Definitely worth to try. And you can sort the record before writing
out, and then you will get the parquet files without overlapping keys.
Let us know if that helps.
Hao
*From:*Philip Weaver [mailto:philip.wea...@gmail.com]
*Sent:* Wednesday, August 12, 2015 4:05 AM
*To:* Cheng Lian
*Cc:* user
*Subject:* Re: Very high latency to initialize a DataFrame from
partitioned parquet database.
Do you think it might be faster to put all the files in one directory
but still partitioned the same way? I don't actually need to filter on
the values of the partition keys, but I need to rely on there be no
overlap in the value of the keys between any two parquet files.
On Fri, Aug 7, 2015 at 8:23 AM, Philip Weaver <philip.wea...@gmail.com
<mailto:philip.wea...@gmail.com>> wrote:
Thanks, I also confirmed that the partition discovery is slow by
writing a non-Spark application that uses the parquet library
directly to load that partitions.
It's so slow that my colleague's Python application can read the
entire contents of all the parquet data files faster than my
application can even discover the partitions!

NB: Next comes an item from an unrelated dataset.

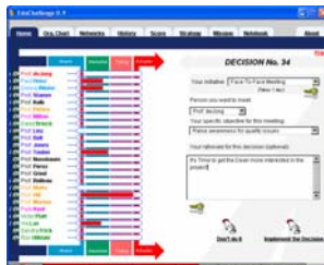
Le Tableau de bord vous permet d'observer votre progression à chaque instant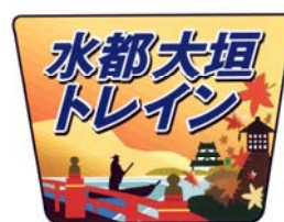
ヘッドマーク(イメージ)

On Fri, Aug 7, 2015 at 2:09 AM, Cheng Lian <lian.cs....@gmail.com
<mailto:lian.cs....@gmail.com>> wrote:
However, it's weird that the partition discovery job only
spawns 2 tasks. It should use the default parallelism, which
is probably 8 according to the logs of the next Parquet
reading job. Partition discovery is already done in a
distributed manner via a Spark job. But the parallelism is
mysteriously low...
Cheng
On 8/7/15 3:32 PM, Cheng Lian wrote:
Hi Philip,
Thanks for providing the log file. It seems that most of
the time are spent on partition discovery. The code
snippet you provided actually issues two jobs. The first
one is for listing the input directories to find out all
leaf directories (and this actually requires listing all
leaf files, because we can only assert that a directory is
a leaf one when it contains no sub-directories). Then
partition information is extracted from leaf directory
paths. This process starts at:
10:51:44 INFO sources.HadoopFsRelation: Listing leaf
files and directories in parallel under:
file:/home/pweaver/work/parquet/day=20150225, …
and ends at:
10:52:31 INFO scheduler.TaskSchedulerImpl: Removed
TaskSet 0.0, whose tasks have all completed, from pool
The actual tasks execution time is about 36s:
10:51:54 INFO scheduler.TaskSetManager: Starting task
0.0 in stage 0.0 (TID 0, lindevspark5, PROCESS_LOCAL,
3087 bytes)
…
10:52:30 INFO scheduler.TaskSetManager: Finished task
0.0 in stage 0.0 (TID 0) in 36107 ms on lindevspark5 (1/2)
You mentioned that your dataset has about 40,000+
partitions, so there are a lot of leaf directories and
files out there. My guess is that the local file system
spent lots of time listing FileStatus-es of all these files.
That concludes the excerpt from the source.